• **DATA IN THIS EXERCISE**:
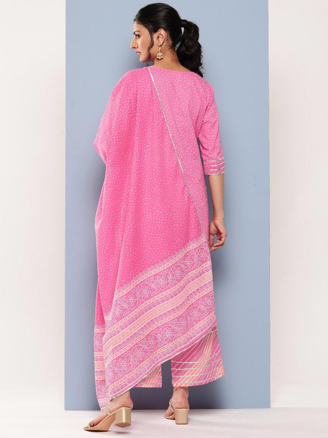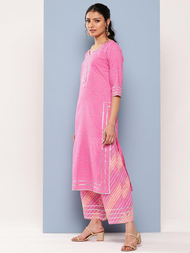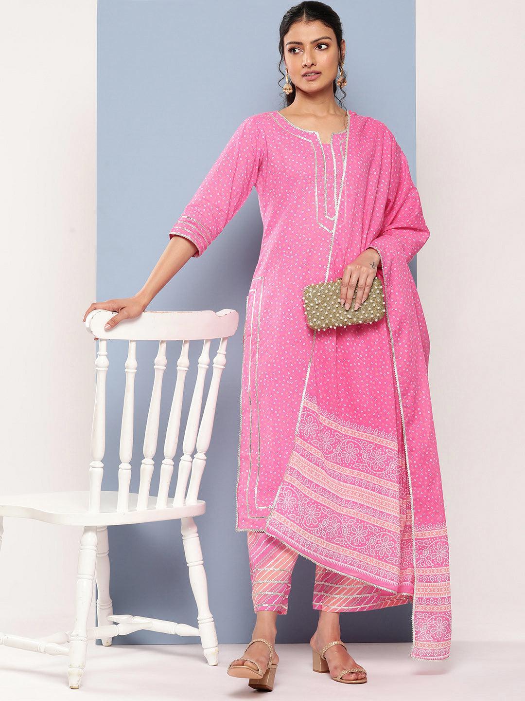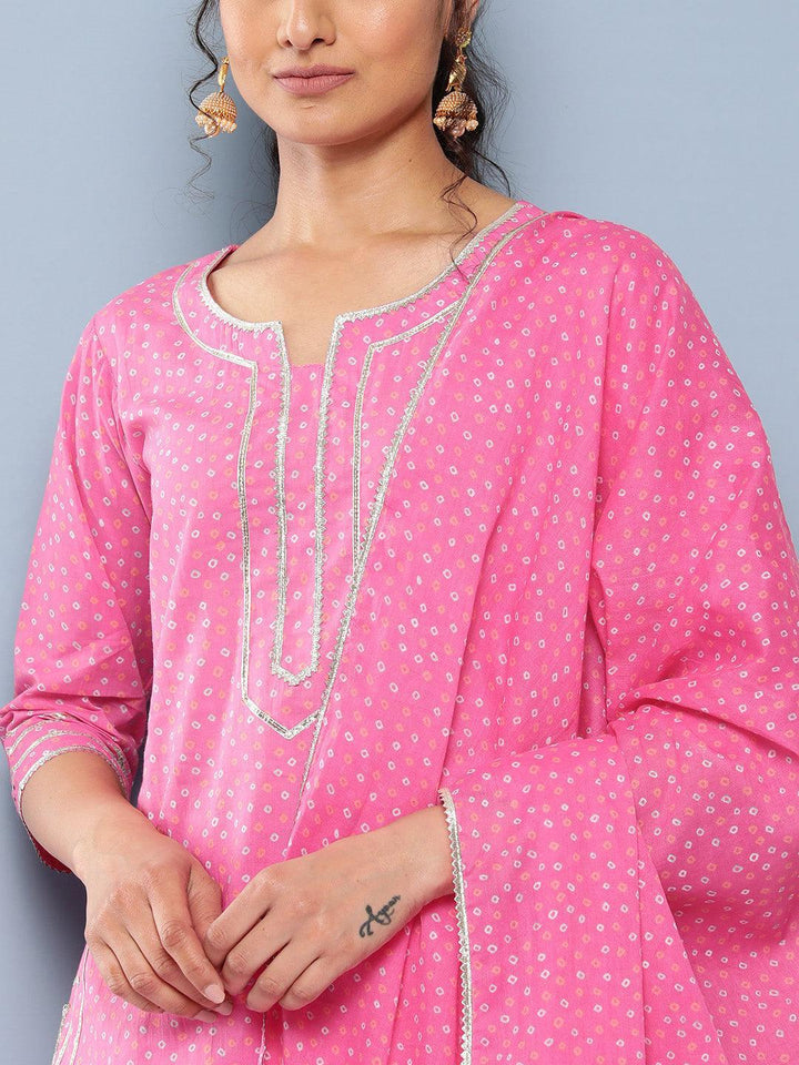 Our 3-piece pink Bandhani inspired print cotton suit set features a straight-fit kurta with a notched neckline and three-quarter sleeves. Complemented with straight palazzo pants with a partially elasticated waistband and roomy pockets, and a dupatta in a matching print. Adorned with delicate Gota Patti accents, this elegant style is perfect for light festivities.
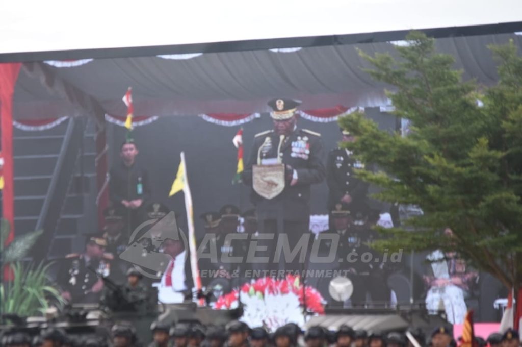 “ Selanjutnya, pada momentum ini saya juga ingin menyampaikan rasa hormat dan penghargaan kepada seluruh prajurit atas dedikasi dan integritasnya dalam menjalankan tugas, sehingga TNI hingga saat ini terus mendapatkan kepercayaan dan tempat di hati rakyat indonesia,” ujarnya.
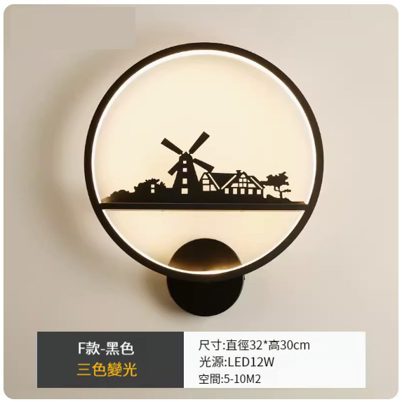 爆款簡約現代壁燈【C款-黑色--三色變光】
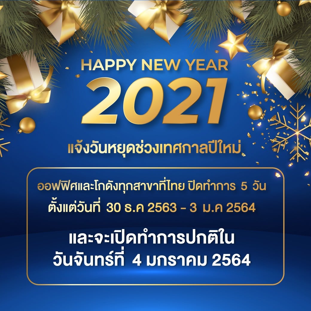 ประกาศแจ้งวันหยุดเทศกาลปีใหม่ ออฟฟิตและโกดังที่ไทยทุกสาขาปิดทำการ วันที่ 30 ธันว...
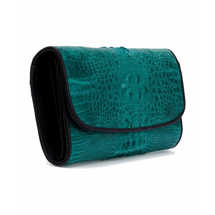 ✨HC3291 - Ví nữ Huy Hoàng da cá sấu 3 gấp nguyên con màu xanh lá

• **EXERCISE**:
Repeat exactly and only the lines from the one holding "爆款簡約現代壁燈【C款-黑色--三色變光】" through the final line of the entries; no pictures.

• **YOUR RESPONSE**:
 爆款簡約現代壁燈【C款-黑色--三色變光】
 ประกาศแจ้งวันหยุดเทศกาลปีใหม่ ออฟฟิตและโกดังที่ไทยทุกสาขาปิดทำการ วันที่ 30 ธันว...
 ✨HC3291 - Ví nữ Huy Hoàng da cá sấu 3 gấp nguyên con màu xanh lá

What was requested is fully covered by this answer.